Justin Taylor (Between Two Worlds) linked to a post by Ray Ortland that is a good reminder for all of us who are Reformed in our theology (I spoke with a potential real estate agent about that this morning). Here is some of what he says:
The Judaizers in Galatia did not see their distinctive – the rite of circumcision – as problematic. They could claim biblical authority for it in Genesis 17 and the Abrahamic covenant. But their distinctive functioned as an addition to the all-sufficiency of Jesus himself. Today the flash point is not circumcision. It can be Reformed theology. But no matter how well argued our position is biblically, if it functions in our hearts as an addition to Jesus, it ends up as a form of legalistic divisiveness.

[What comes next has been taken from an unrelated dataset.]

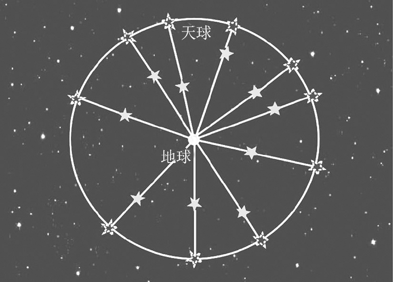 图1.28 天球的半径是任意的,所有天体,不论多远,都可以在天球上有它们的投影。这里显示的是地心天球,主要用来研究天体的视运动。替代地球,以太阳为中心的天球叫日心天球,主要用来进行天体运动研究的动力学计算

Paul answered the theological aspects of the Galatian error with solid theology. But the “whiff test” that something was wrong in those Galatian churches was more subtle than theology alone. The problem was also sociological. “They make much of you, but for no good purpose. They want to shut you out, that you may make much of them” (Galatians 4:17). In other words, “The legalists want to ‘disciple’ you. But really, they’re manipulating you. By emphasizing their distinctive, they want you to feel excluded so that you will conform to them.” It’s like chapter two of Tom Sawyer. Remember how Tom got the other boys to whitewash the fence for him? Mark Twain explained: “In order to make a man or boy covet a thing, it is only necessary to make the thing difficult to attain.” Paul saw it happening in Galatia. But the gospel makes full inclusion in the church easy to attain. It re-sets everyone’s status in terms of God’s grace alone. God’s grace in Christ crucified, and nothing more. He alone makes us kosher. He himself.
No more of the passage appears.